Two other lasting accomplishments came in 1999. On the national level, PCC was a key player in the birth of National Co+op Grocers (NCG), a business-services cooperative that "helps unify food co-ops in order to optimize operational and marketing resources, strengthen purchasing power, and ultimately offer more value to food co-op shoppers everywhere" ("Putting It All Together ..."). By 2018 NCG had 147 member and associate co-ops that operated more than 200 stores in 37 states, with combined annual sales of more than $2.1 billion.
Of regional import, in October 1999 PCC launched the PCC Farmland Trust, an independent nonprofit organization that "secures, preserves, and stewards threatened farmland in the Northwest, to ensure that generations of local farmers productively farm it using sustainable, organic growing methods" ("2008 Annual Report"). Its first project, funded by PCC alone, preserved from development 100 acres of farmland in the Sequim-Dungeness Valley on the Olympic Peninsula; the land is now home to Nash's Organic Produce.
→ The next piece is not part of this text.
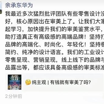 这不,余承东前两天刚发了一条一又友圈“自揭家丑”,默示我方最近屡次历害品评团队有些零卖野心没作念好,中枢原因出在审好意思上了,并让大家一皆学习,加速进步审好意思赏识水平,打造真确有高等感的高端品牌。

By 2018 the Farmland Trust, with financial support from PCC, its members and suppliers, grants, and public contributions, had preserved 20 farm properties totaling 2,040 acres, ranging from Walla Walla to Whidbey Island. Many products from trust-protected properties are sold at PCC stores, but the farms are independent and do business with whomever they like.
PCC has also been a prominent voice in the national debates over organic food and in opposition to experiments in food modification. In a display of organizational muscle, PCC members in 1997 submitted more than 30,000 comments to the U.S. Department of Agriculture regarding proposed national standards for organic foodstuffs. These represented more than 10 percent of all comments received by the department on the issue. Three years later, 12,000 PCC members wrote Congress to urge full disclosure of genetically modified organisms (GMOs) in the nation's food supply.
In 2004 PCC became the nation's first food retailer to participate in Monterey Bay Aquarium's Seafood Watch Program, which helps consumers and businesses choose seafood that's fished or farmed in ways that support a healthy ocean. In 2009 Greenpeace awarded PCC the number-one ranking among all U.S. retailers for selling sustainable seafood, both fresh and canned.
PCC Community Markets is an uncommon, perhaps unique, success story in the history of consumer food co-ops, with growth and profitability that would be the envy of any for-profit grocery chain. In 2017, membership numbered more than 60,000 households, sales exceeded $277 million, and net profit was $7.6 million, nearly 40 percent above 2015. That PCC has accomplished all this while maintaining a high degree of fidelity to traditional cooperative principles is remarkable and admirable, and the end is nowhere in sight.